/citationMap

Visualize the citation network between articles by python and echarts.

Primary LanguagePythonMIT LicenseMIT

Citation map visualization tool

This project is aimed at make a citation map visualizing tool, which can visualize the reference/citation relations of articles on PubMed dataset.

Project Structure

./
|-   app.py
|-   citation_map.json
|-   example.PMID.txt
|-   index.html
|-   README.md
|   
\---img
     \--- example.png

Working mode

First, we define three kinds of articles:

  1. Query articles: These articles are user input, and we will use these "Query" to query PubMed dataset.
  2. Reference articles: These articles are "Query"'s reference, in other words, "Query" articles cited these articles.
  3. Citation articles: These articles are "Query"'s citation, in other words, "Query" articles are cited by these articles.

Right now we can extract "Reference" from Pubmed, and in the future we will extract "Citation" articles as well

When user input a list of articles' PMID(this is important! the input should be PMID), we will make a query to PubMed by its web API, and get a report in XML format. Then we will parse this XML report and generate a .json file, which contains information of graph nodes(article) and graph edges(citation relation). Finally, we will use Echarts to visualize this citation map graph. The final report is in .html format , and you need to open your browser to read and interact with it.

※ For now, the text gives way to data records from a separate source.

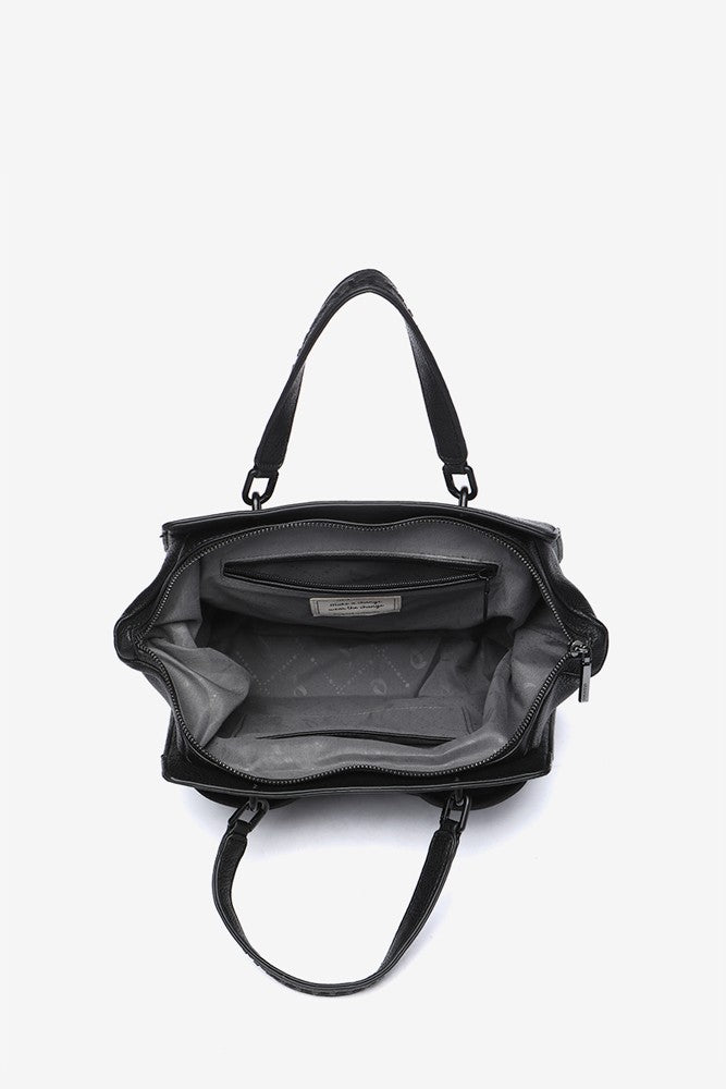 Black handbag made of recycled materials
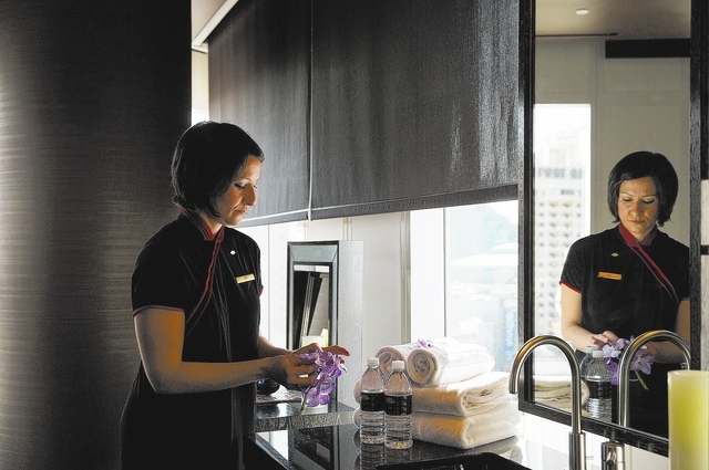 Executive business traveler Michelle Banuchi seeks peace on her Las Vegas trips. She visited for business for three days in early March and squeezed in a custom, 90-minute massage at the Mandarin Oriental spa.
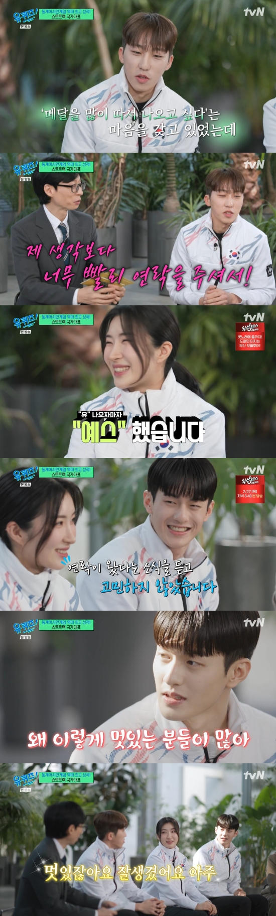 26일 방송된 tvN '유 퀴즈 온 더 블럭'(이하 '유퀴즈')에서는 '신이 내게 주신 것' 특집으로 꾸며진 가운데 쇼트트랙 국가대표 박지원, 김길리, 장성우가 게스트로 출연한 장면이 전파를 탔다.
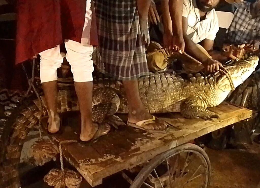 প্রত্যক্ষদর্শী ও স্থানীয়রা জানান, কুমিরটি গড়াই নদী থেকে প্রায় ৪০০ ফুট উপরে ৬ নম্বর ওয়ার্ডের ইউপি সদস্য খিলাফত মিয়ার বাড়ির দিকে যাচ্ছিল। সে সময় কুমিরটি পাতার উপর দিয়ে যাওয়া অবস্থায় খড়-মড় আওয়াজ শোনা যাচ্ছিল। এরপর মাছ ধরা জাল দিয়ে কুমিরটিকে ঘেরাও করে ধরে ফেলে তারা। পরে কুমিরটিকে মজবুত করে বেঁধে এলাকায় আনন্দ মিছিল করে এবং এটি দেখার জন্য কয়েক হাজার মানুষ ভিড় জমায়।
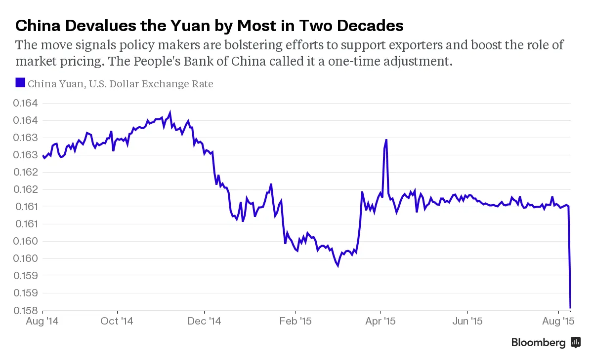 Στις 11 Αυγούστου 2015, η Κίνα σόκαρε τις παγκόσμιες αγορές με τη μεγαλύτερη ημερήσια μείωση του σημείου αναφοράς για το γιουάν, στέλνοντας το νόμισμα να κατρακυλήσει σχεδόν 2% – μια κίνηση που η People’s Bank of China (PBOC) περιέγραψε ως «ενίσχυση του χαρακτήρα του γιουάν ως νομίσματος που στηρίζεται αγορά και ως σημείο αναφοράς έναντι του δολαρίου».
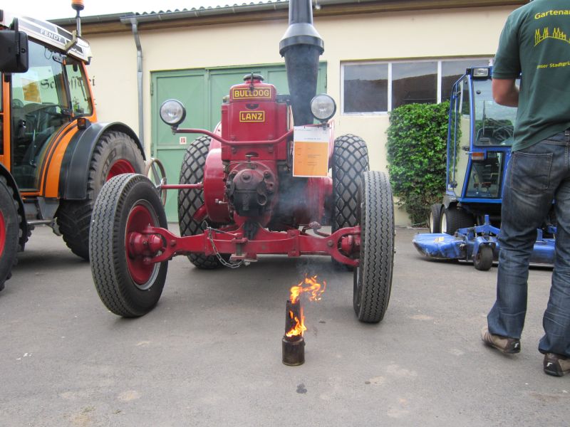 Der Lanz ist in der Tat wohl auch noch nie im Gartenbauamt gelaufen, gehört als Schaustück zu einer GaLaBauFirma. Er sollte den Kontrast bzw. die Fortentwicklung der Technik darstellen.
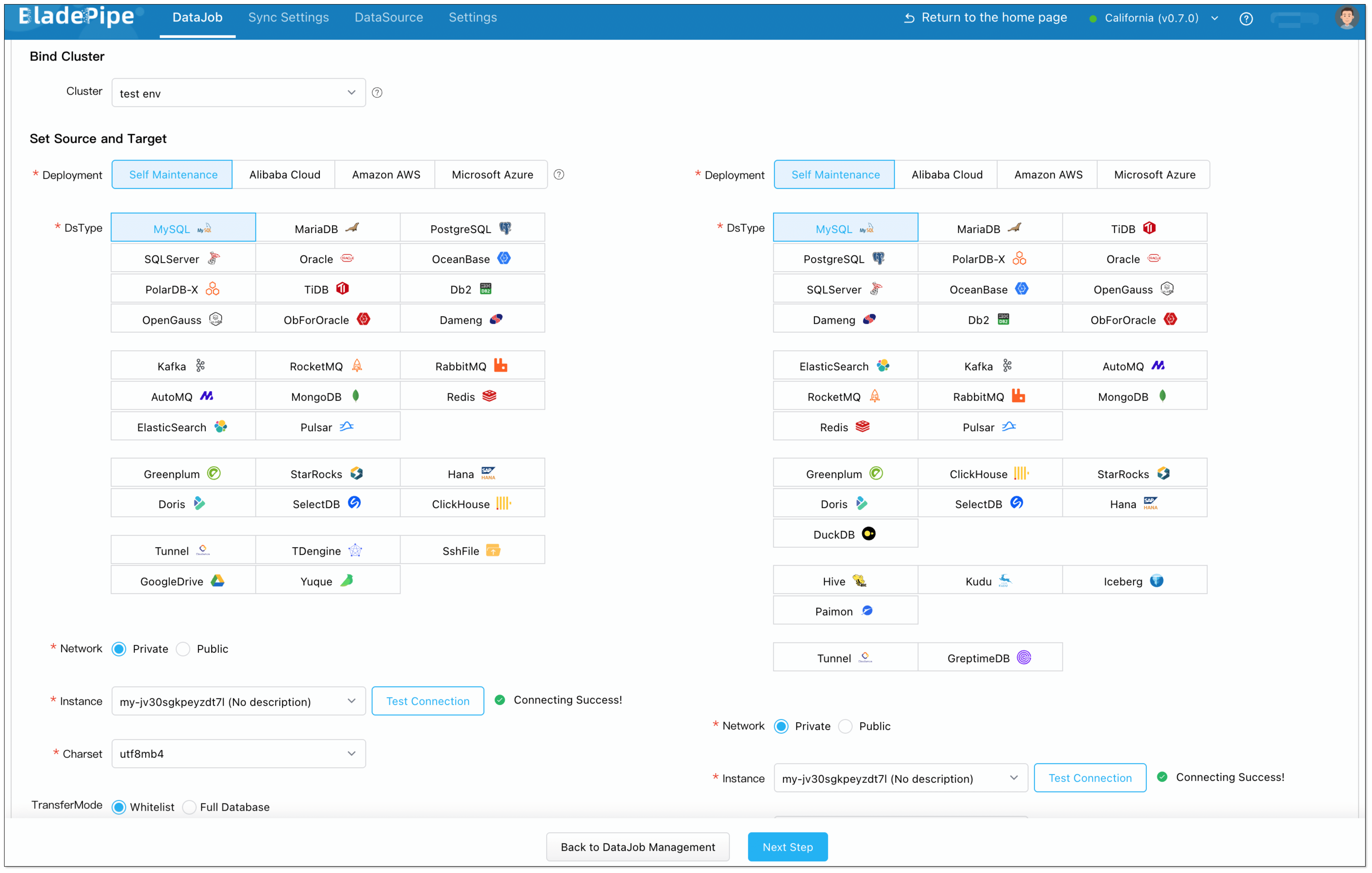 - Select the added MySQL instance as both the Source and Target, and click Test Connection. Then click Next Step.
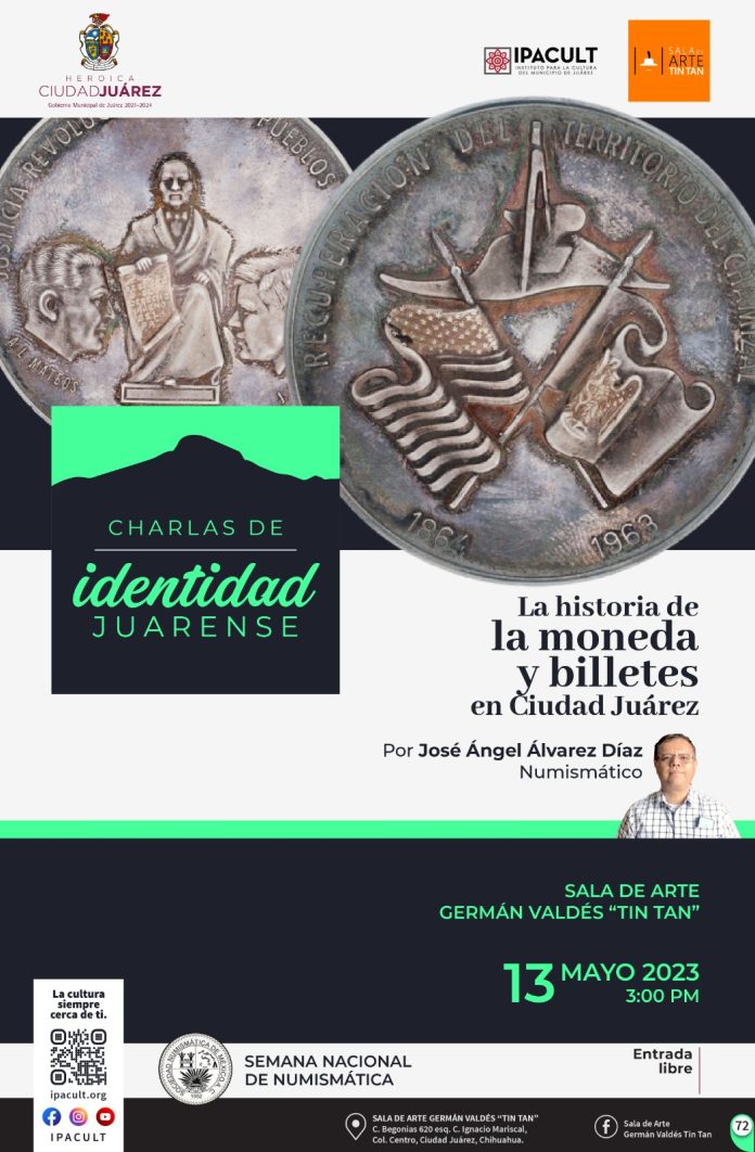 Ciudad Juárez, Chih .- Como tema principal se abordará “La historia de la moneda y billetes en Ciudad Juárez”, con el ponente José Ángel Álvarez Díaz, la cual tendrá una duración de dos horas, dentro de las que se llevará a cabo una charla de apertura, así como la conferencia interactiva con los asistentes.
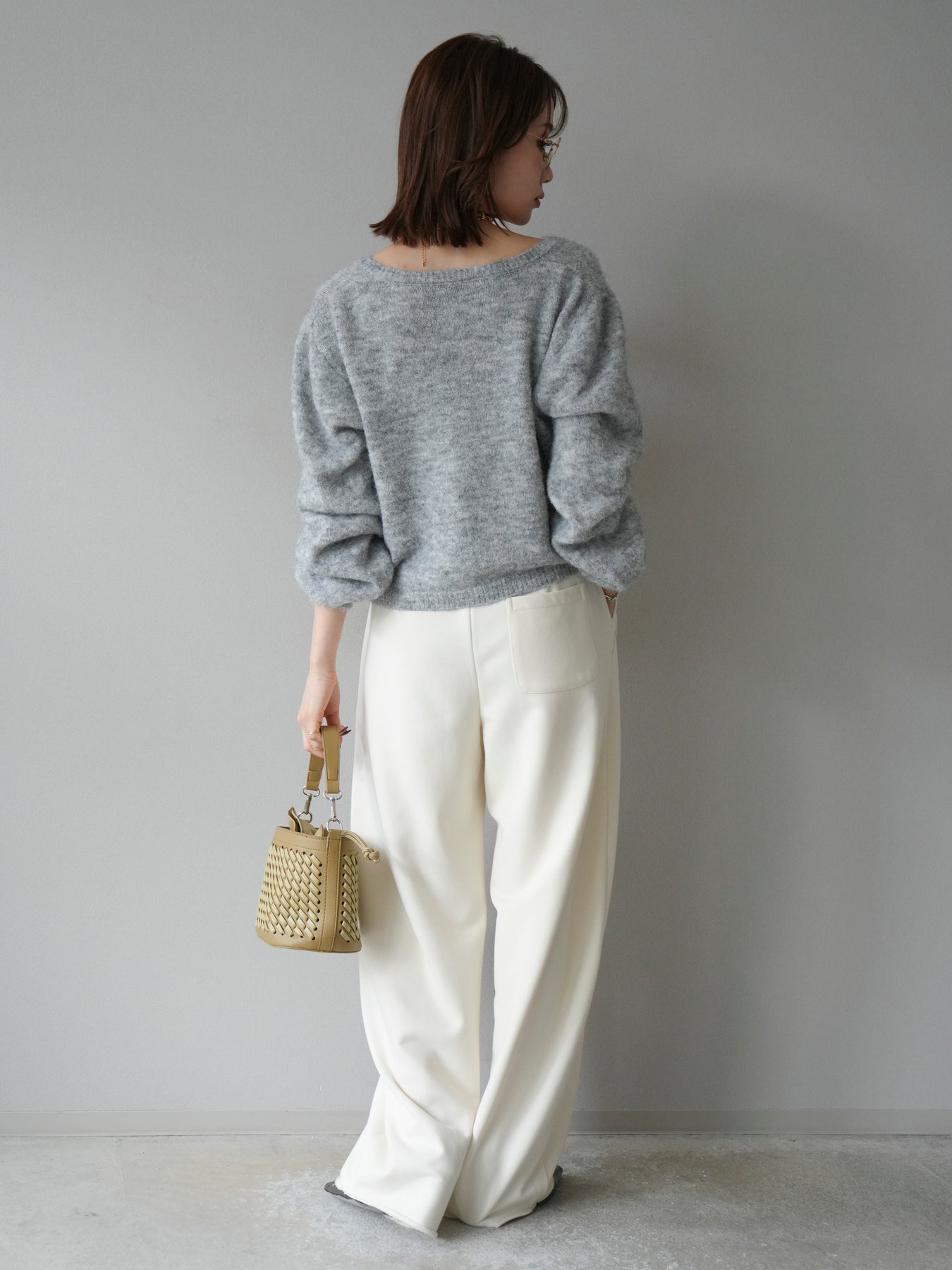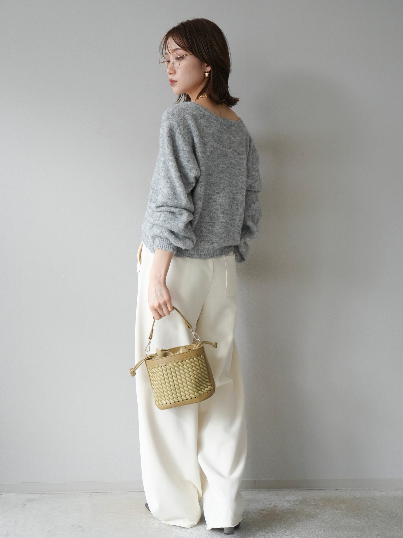 ・お手入れ方法:水温30℃以下手洗いでのお洗濯をお薦めします。素材の特性上、洗濯の際に色落ち・縮みが生じる恐れがありますので単独で・短時間でのお洗濯をお薦めします。裏返してネットに入れ手洗いコースで洗濯、洗濯後は形を整えてから干してください。※タンブラー乾燥は控えてください。濡れたままの状態で擦れると、色落ち色移りすることがあります。つけ置き洗いや雨や汗で濡れたまま放置は避け、速やかに処理してください。着用中の摩擦や汗、水濡れ、濃淡差があるものとの重ね着にご注意ください。また、素材の特性上伸びやすい為ハンガーの使用はお控えいただき畳んで保管ください。

Installation and requirements

All requirements:

This program don't need installation; just download these file is enough.

Usage

The build-in help text is:

usage: app.py [-h] [-f FILE | -l LIST] [-m MAX] [-p PORT]

optional arguments:
  -h, --help            show this help message and exit
  -f FILE, --file FILE  PMID list file.
  -l LIST, --list LIST  PMID list(comma seperate).
  -m MAX, --max MAX     Max limitation of query article number. Default is 10.
  -p PORT, --port PORT  Network port of the report server. Default is using
                        random number.

To use this program, first you need to prepare a list of PMIDs. You can storage them into a seperate text file, or just copy to the clip-board. Then you open a terminal and switch working directory to where you download this project. You have two method to launch this program:

1. load pmid list from text file

This method will load pmids from a seperate text file. in that text file, each id occupies a separate row, and there should no blank before pmid.

Example:

24651067
32286628
32184769
31606751

PMID list file also can contain comment text, but comment text should start with a "#" character.

Example:

# These articles are some studies about CRISPR-Cas9 technology
24651067 # Hum Mol Genet. 2014 Sep 15;23(R1):R40-6.
32286628 # Nucleic Acids Res. 2020 May 21;48(9):4698-4708.
32184769 # Front Microbiol. 2020 Feb 28;11:282.
31606751 # Hum Genet. 2019 Dec;138(11-12):1217-1225

The above PMID list file names example.PMID.txt, and is storaged in current directory. Then use the following command to launch the program:

python ./app.py -f ./example.PMID.txt

The program will load PMID list and get citation relation from PubMed web API. You will see the output as below:

~$ python ./app.py -f ./example.PMID.txt
Max limitation of query article number is 10.
https://eutils.ncbi.nlm.nih.gov/entrez/eutils/efetch.fcgi?db=pubmed&id=24651067,32286628,32184769,31606751
Default port number will be set.
The report is serving at port 15501.
Please open the following URL to check report:  http://localhost:15501
To stop web server, Press `Ctrl+C`
127.0.0.1 - - [12/Dec/2023 21:10:40] "GET / HTTP/1.1" 200 -
127.0.0.1 - - [12/Dec/2023 21:10:41] "GET /citation_map.json HTTP/1.1" 200 -

You can open your web browser and access the URL which is mentioned in the output.

example

2. load pmid list from command line

This method will load pmids from command line. in this method, the argument -l will be used. You should provide a comma seperate-PMID list, like this:

python ./app.py -l 24651067,32286628,32184769,31606751

The output is the same as above method.

Pitfalls

  1. Due to the limitation of PubMed web API, some articles' reference list cannot load correctly. Therefore, the report cannot display all citation relationships.
  2. Current version of this program only can display reference network. In the future we will support citation network.
  3. If input too much articles into program, the render on the web browser will be very slow. Recommend input is less than 10 articles. In the future we will support node pruning, which will remove some low citation/reference articles.